Politico

White House chief of staff: ‘We’re not going to control the pandemic’


A top White House official on Sunday acknowledged that President Donald Trump’s administration will not “control” the coronavirus pandemic, though he later suggested the U.S. would defeat it because, he said, that’s what Americans do.

“We’re not going to control the pandemic,” White House chief of staff Mark Meadows told CNN’s Jake Tapper on “State of the Union.” “We are gonna control the fact that we get vaccines, therapeutics and other mitigation.”

Asked why the U.S. won’t get control of the pandemic, which has infected more than 8.5 million Americans and killed more than 224,000 people in the U.S., Meadows said, “Because it is a contagious virus, just like the flu.”

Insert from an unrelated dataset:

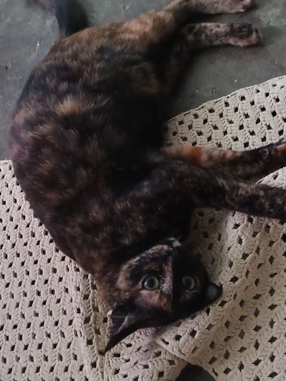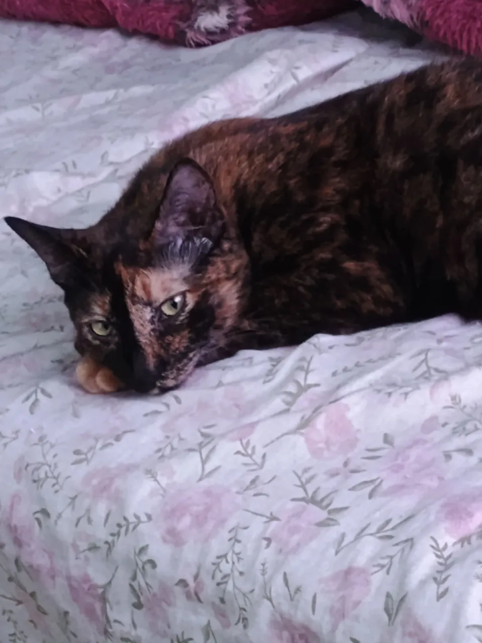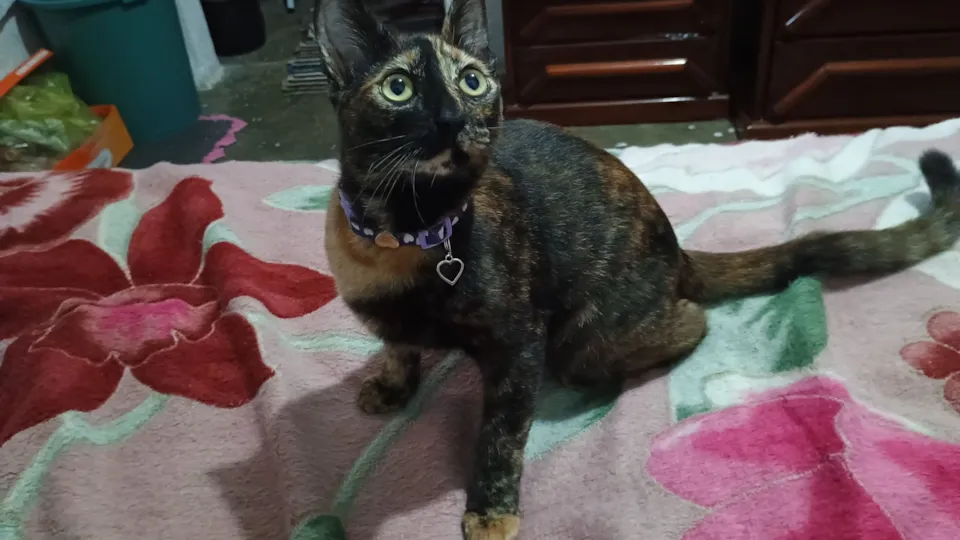 Trixie tem 2 anos e 3 meses de idade, foi castrada com 5 meses na sua moradia comigo, toma remédio contra verme a cada 15-20 dias, não tem pulga e nem carrapato, desde castrada ela apenas come ração e as vezes sachê, nunca tive problemas para acostumar a beber aguá, toma no pote dela por conta própria e usa caixa de areia certinho. Ela é calma, independente e apenas arisca com mudanças. Precisa de um período de adaptação, não é agressiva. Com paciência ela vai criando vínculo e fica tranquila no ambiente, é uma gata bem caseira, não é fã de ficar saindo para rua. O que ajudou muito na adaptação dela comigo foi brincar com ela usando cordas, fitas, bolinhas; ou com qualquer coisa que pode se mover perto para poder "caçar"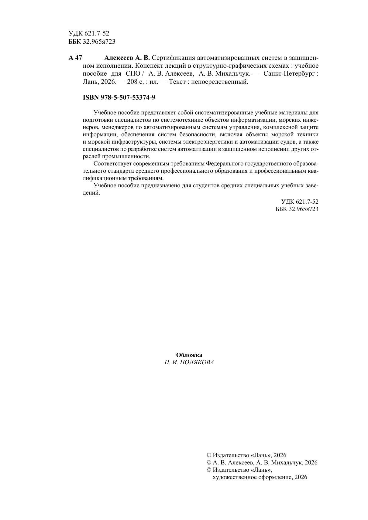 Учебное пособие представляет собой систематизированные учебные материалы для подготовки специалистов по системотехнике объектов информатизации, морских инженеров, менеджеров по автоматизированным системам управления, комплексной защите информации, обеспечения систем безопасности, включая объекты морской техники и морской инфраструктуры, системы электроэнергетики и автоматизации судов, а также специалистов по разработке систем автоматизации в защищенном исполнении других отраслей промышленности. Соответствует современным требованиям Федерального государственного образовательного стандарта среднего профессионального образования и профессиональным квалификационным требованиям. Учебное пособие предназначено для студентов средних специальных учебных заведений.

Trump himself, however, privately said in a February interview with journalist Bob Woodward that the virus may be five times deadlier than the flu.

Meadows’ admission comes nine days before Election Day — though more than 58 million Americans have already cast their ballots, according to the U.S. Elections Project — and the morning after Vice President Mike Pence’s office announced that chief of staff Marc Short tested positive for Covid-19 on Saturday. Pence’s office said both he and second lady Karen Pence had tested negative.

In a lengthy interview with CNN, Meadows said he wished Short and any Americans who have contracted the virus well but declined to identify how many staffers inside the vice president’s office or the White House have tested positive or reported symptoms over the last week.

“We don’t give out that kind of information,” Meadows said.

The New York Times reported Saturday that at least four members of Pence’s staff had tested positive in the past few days and that Meadows “had sought to keep news of the outbreak from becoming public.”

“When we actually have people’s health at risk,” Meadows explained Sunday, “sharing personal information is not something that we should do, not something that we do actually do, unless it’s the vice president or the president or someone that’s very close to them where there’s people in harm’s way.”

The second White House outbreak is yet another reminder of the administration’s uneven response to the pandemic. Trump, first lady Melania Trump, their teenage son Barron Trump, White House advisers Hope Hicks and Stephen Miller and several other staffers have all tested positive for Covid-19 in recent weeks.

The president was briefly hospitalized with the virus earlier this month but has since recovered and held a series of multiple rallies, crisscrossing the country to rescue his flagging campaign. But masks are not required to attend the president’s crowded rallies, a stark contrast from the intimate, socially distant in-person and drive-in events former Vice President Joe Biden has. Polls show Trump trailing Biden in national and several battleground state surveys.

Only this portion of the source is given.